- Opening Delimiter -

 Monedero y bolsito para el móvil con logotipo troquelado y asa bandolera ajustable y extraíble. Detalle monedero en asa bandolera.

- Closing Delimiter -
- Opening Delimiter -

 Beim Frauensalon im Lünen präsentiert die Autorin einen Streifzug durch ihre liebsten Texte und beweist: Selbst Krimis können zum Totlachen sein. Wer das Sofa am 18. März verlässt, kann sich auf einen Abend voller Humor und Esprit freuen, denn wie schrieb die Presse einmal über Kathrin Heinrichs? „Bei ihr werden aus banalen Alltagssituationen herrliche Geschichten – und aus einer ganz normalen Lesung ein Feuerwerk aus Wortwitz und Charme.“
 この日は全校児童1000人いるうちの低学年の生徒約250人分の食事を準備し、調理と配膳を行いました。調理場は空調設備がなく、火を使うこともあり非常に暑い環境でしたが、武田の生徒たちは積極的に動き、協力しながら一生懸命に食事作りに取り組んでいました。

- Closing Delimiter -
- Opening Delimiter -

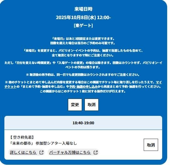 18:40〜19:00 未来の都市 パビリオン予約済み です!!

- Closing Delimiter -

WHAT IS NEEDED ->
Retype exactly the lines above, from the one with "Beim Frauensalon im" through the one with "この日は全校児童1000人い", inclusive.

SOLVED PROBLEM ->
 Beim Frauensalon im Lünen präsentiert die Autorin einen Streifzug durch ihre liebsten Texte und beweist: Selbst Krimis können zum Totlachen sein. Wer das Sofa am 18. März verlässt, kann sich auf einen Abend voller Humor und Esprit freuen, denn wie schrieb die Presse einmal über Kathrin Heinrichs? „Bei ihr werden aus banalen Alltagssituationen herrliche Geschichten – und aus einer ganz normalen Lesung ein Feuerwerk aus Wortwitz und Charme.“
 この日は全校児童1000人いるうちの低学年の生徒約250人分の食事を準備し、調理と配膳を行いました。調理場は空調設備がなく、火を使うこともあり非常に暑い環境でしたが、武田の生徒たちは積極的に動き、協力しながら一生懸命に食事作りに取り組んでいました。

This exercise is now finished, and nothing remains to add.